When she started cooking in the kitchen at first light it was still raining, a fine soundless drizzle. She made a potato tart, which Jimmie loved in the morning, and a honey-and-egg concoction baked with filo. They were always up early and they were always hungry. At six-thirty the master came down first in his dressing gown, his hair wet and brushed back. He found her in the kitchen and gave her a playful pat on the behind, to which she had grown accustomed. She led him on a little; it made the tips bigger. As she was pouring his coffee, he said, “Carissa, have you seen my daughter?”
“She came in late last night.”
He asked her where Naomi had been and she said she had no idea.
“Bloody nuisance,” he muttered, and went into his food with a pleasureless resolve. It was, after all, the best way to avoid domestic troubles.
Carissa went back to the kitchen and hovered by the door, listening. The master was talking on the phone to one of his henchmen in London. His name was Rockhold, a sort of private investigator. Her English was now good enough to understand most of what they said, and she thought that he was asking this Rockhold to check Naomi’s records and bank accounts in England and Italy. The family had a large villa just north of Rome that Naomi also used. Their affairs were complex, and the master could not manage them alone. Soon the mistress came in, the master ended his call abruptly, and Carissa went out to serve her coffee. Phaine, as always, inspected the food casually and made a few sharp criticisms. The toast was a little burned; the eggs were a little dry. Carissa bowed with a “Yes, madame” and apologized. It was a ritual without much substance, a quiet way of humiliating her and keeping her in her place and on her toes. Like the pats on the behind, she had gotten used to it.
“And, Carissa,” Phaine said then, “don’t ever boil the coffee a second time. I know you do it occasionally because you’re lazy. Don’t. You think I can’t tell the difference, but I certainly can.”
“Yes, madame.”
The day passed glumly
. Naomi came down at midday for her coffee and drank it while Carissa made her pancakes. The girl seemed restless and distracted. When the sun came out she took her coffee onto the terrace and sipped it with her knees drawn up under her chin. The tension in her had increased. The Codringtons had gone out for lunch, and Carissa took the opportunity to talk to her. She was allowed to do it, since Naomi treated her as the only person in the household in whom she could confide.

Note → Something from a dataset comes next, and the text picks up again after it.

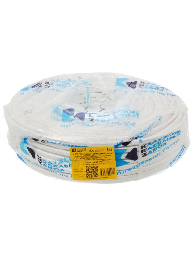Провод ПУГНП, 2х4 мм2, 100 м, медь, ПуГВВ/ПБППГ/ПУГНП/ПБГВВ, ГОСТ, белый, ККЗ

“They went to Athens yesterday,” the maid said now. “I think Phaine wanted to buy summer clothes.”
“Did my father say anything to you?”
“No. He was on the phone to London. Something about an investigator. I didn’t hear anything else.”
Naomi put her face in her hands, and Carissa noticed that her nails were filthy and jagged.
“God, they never let up, do they?”
“No, miss.”
“I couldn’t sleep last night. I remember you told me once you knew an herbal sleep aid that the islanders use. Do you know how to get some, Carissa?”